Bateman, a self-styled prophet in the Fundamentalist Church of Jesus Christ of Latter-Day Saints, was first arrested on state charges in August after three young girls were found hidden in a cargo trailer that law enforcement said he was towing on a highway in Flagstaff, Arizona — over 1,000 miles from the FLDS stronghold in Colorado City.
Local officials then raided Arizona residences used by Bateman — who has 20 wives, most of them children — and nine girls were placed in Arizona Department of Child Safety group homes, according to the FBI.
On Wednesday, Bateman pleaded not guilty to new charges in federal court in Phoenix, Arizona after the FBI alleged that he arranged for three of his adult wives to kidnap 8 of those minor girls from the children's group home where they were being cared for.
"On November 27, 2022, eight of the nine minor females ran away from DCS group homes," Dawn Martin, an FBI special agent, wrote in an affidavit filed in federal courts in Washington and Arizona.
The FBI says that Bateman conspired with three women — Moretta Johnson, Naomi Bistline, and Donnae Barlow — to assist the girls in escaping state care. They are charged with tampering with and destroying evidence and aiding in kidnapping the girls.
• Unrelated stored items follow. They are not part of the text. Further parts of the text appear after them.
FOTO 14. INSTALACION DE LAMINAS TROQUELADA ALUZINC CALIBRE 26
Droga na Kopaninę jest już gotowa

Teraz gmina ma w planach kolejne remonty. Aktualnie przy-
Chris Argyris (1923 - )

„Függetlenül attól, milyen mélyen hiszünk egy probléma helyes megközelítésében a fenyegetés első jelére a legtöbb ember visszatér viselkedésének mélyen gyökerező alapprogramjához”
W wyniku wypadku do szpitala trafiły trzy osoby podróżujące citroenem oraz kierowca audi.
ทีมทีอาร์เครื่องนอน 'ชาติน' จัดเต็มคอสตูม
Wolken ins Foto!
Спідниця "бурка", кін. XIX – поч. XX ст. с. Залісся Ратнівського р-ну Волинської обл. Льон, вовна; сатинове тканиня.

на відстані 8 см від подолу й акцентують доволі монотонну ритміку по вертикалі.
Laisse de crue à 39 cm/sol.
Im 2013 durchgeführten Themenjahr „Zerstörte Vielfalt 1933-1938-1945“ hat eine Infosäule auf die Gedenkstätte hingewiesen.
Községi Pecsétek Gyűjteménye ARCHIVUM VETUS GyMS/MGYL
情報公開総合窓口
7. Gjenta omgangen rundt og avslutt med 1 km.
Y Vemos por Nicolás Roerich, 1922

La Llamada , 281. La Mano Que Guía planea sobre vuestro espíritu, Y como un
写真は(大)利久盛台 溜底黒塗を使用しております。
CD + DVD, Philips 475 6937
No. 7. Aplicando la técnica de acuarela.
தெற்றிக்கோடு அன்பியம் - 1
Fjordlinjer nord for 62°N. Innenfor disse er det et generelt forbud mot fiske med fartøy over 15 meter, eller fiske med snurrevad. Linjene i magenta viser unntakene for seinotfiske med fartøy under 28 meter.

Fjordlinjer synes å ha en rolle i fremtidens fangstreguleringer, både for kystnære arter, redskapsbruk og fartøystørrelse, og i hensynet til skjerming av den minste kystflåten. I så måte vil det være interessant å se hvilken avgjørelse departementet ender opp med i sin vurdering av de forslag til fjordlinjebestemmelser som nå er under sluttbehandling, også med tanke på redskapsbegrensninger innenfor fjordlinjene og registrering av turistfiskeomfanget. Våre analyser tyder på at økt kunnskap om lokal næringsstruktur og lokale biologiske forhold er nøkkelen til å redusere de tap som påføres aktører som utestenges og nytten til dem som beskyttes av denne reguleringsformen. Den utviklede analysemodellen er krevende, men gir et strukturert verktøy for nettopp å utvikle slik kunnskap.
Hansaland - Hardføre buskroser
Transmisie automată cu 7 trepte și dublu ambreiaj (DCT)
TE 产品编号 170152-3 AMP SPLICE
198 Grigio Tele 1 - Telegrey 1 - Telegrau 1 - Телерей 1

The women picked the girls up and then transported them to Spokane, Washington by car, where they were found on December 1 in an AirBnb, according to federal court documents.
Polygamy and sexual abuse
The FLDS has long been run by Warren Jeffs, a notorious cult leader who has run the group from prison since 2006.
Bateman, who for years had tried to work his way into Jeff's inner circle, recently declared himself prophet, one of Warren Jeffs' sons previously told Insider.
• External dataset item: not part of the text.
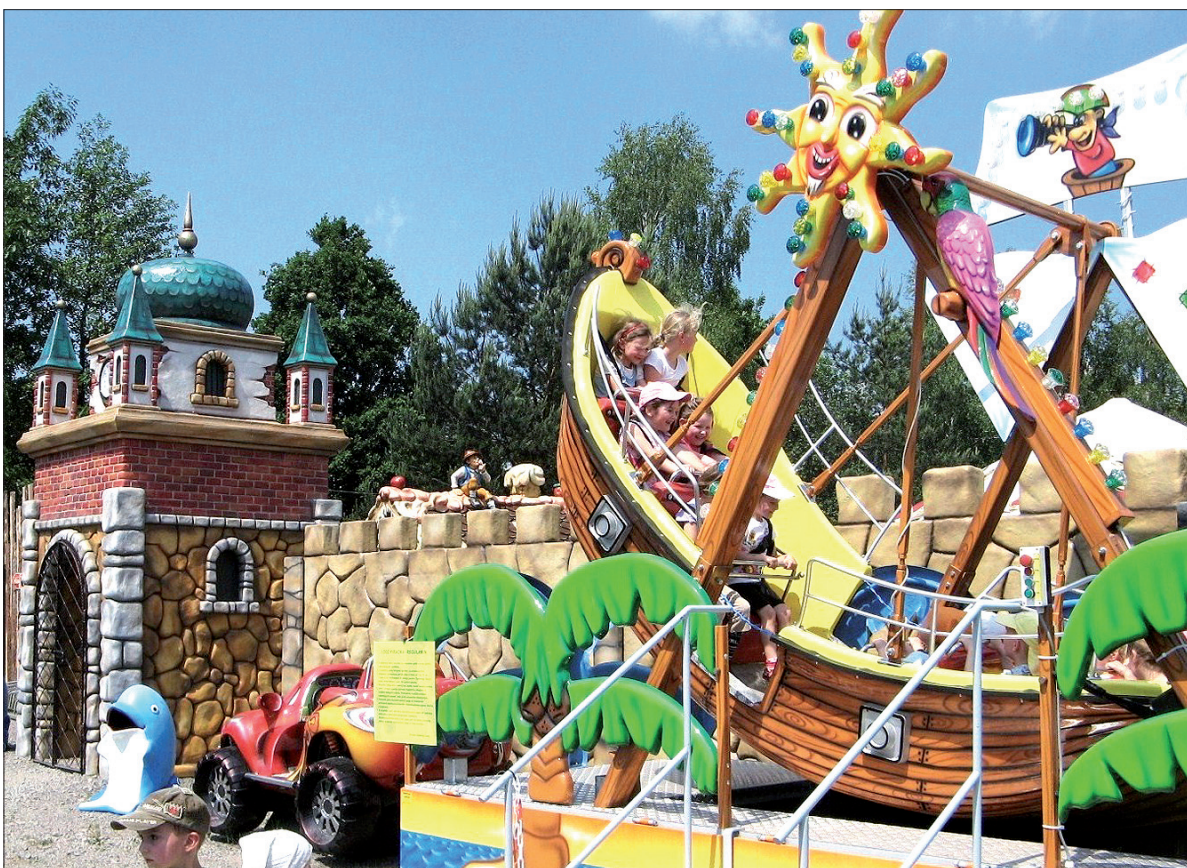
Łódź piracka w Bajkowej Krainie rybnickiego parku rozrywki.

Godziny otwarcia: po-nie 9-20 Dojazd: z Czeskiego Cieszyna odległość 129 km, czas przejazdu 1:52 h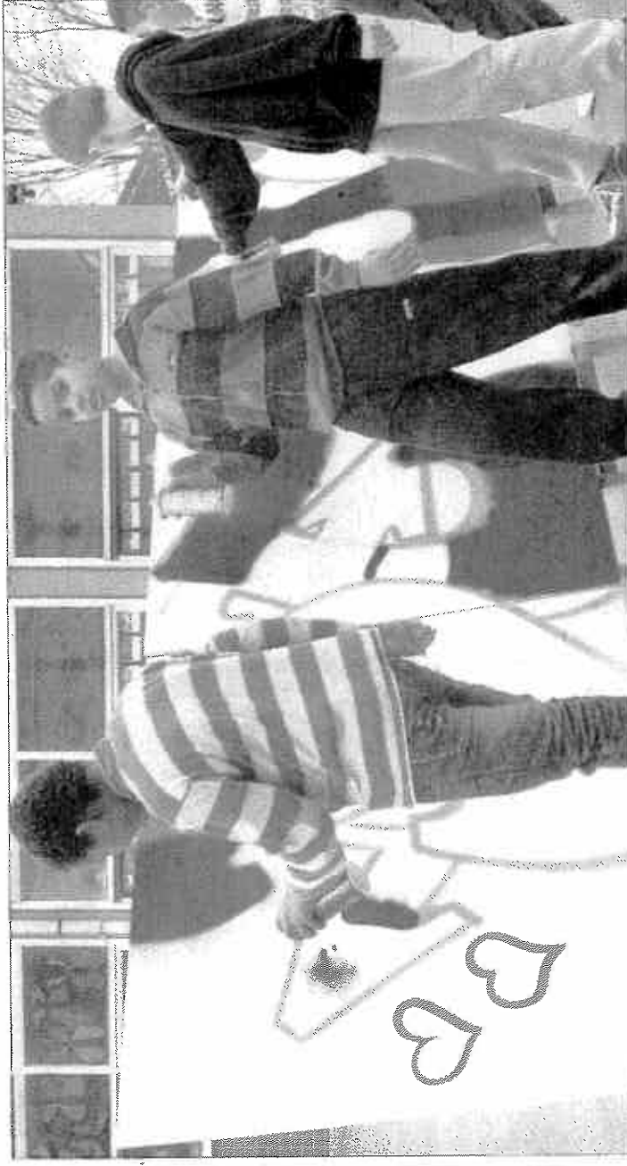
Kinderen van groep 7 van de Ariënschool tijdens de graffiti's.

While most members of the FLDS still consider Jeffs prophet, the FBI says Bateman now has a small group of 50 followers.
While Bateman has not been charged with federal sex trafficking charges, an affidavit filed in the case details allegations of sexual abuse of minor girls in the sect.
When the girls were placed into state care in September, federal investigators began reviewing some of their journals, which were seized from Bateman's homes.
The journal entries detailed kissing, sleeping with, and touching the 46-year-old Bateman. In interviews with the FBI, informants detailed some of Bateman's alleged treatment of his underage wives, including a wine-fueled orgy in which they were made to watch him have sex with their father before they were forced to have sex with other men.
One informant told investigators that Bateman complained to some of his wives that another one of his child brides — no older than 10 — was wetting the bed. Bateman also told his own underage daughter he was meant to marry and impregnate her, and on several occasions kissed her inappropriately in front of other followers, according to the FBI report.
In initial forensic interviews, though, the girls didn't report sexual abuse, and Martin said she believes that the older girls were keeping the younger ones from talking.
It wasn't until a day before Thanksgiving that one of the nine girls in state care said that Bateman had sexually abused her, according to the FBI affidavit.
Days later, eight of the girls took off, prompting investigators to once again turn to electronic devices and journals they left behind for answers.
They learned the girls had been communicating with Bateman's older wives through a encrypted group chat on Signal.
In a journal entry on November 27, one girl wrote, "today is the day we go home," according to the affidavit.
A trial was scheduled for Bateman on Jan. 10, but his lawyers have requested more time to prepare.
Attorney Andrew Marcantel, who represents Bateman, told Insider he expects the trial to be postponed.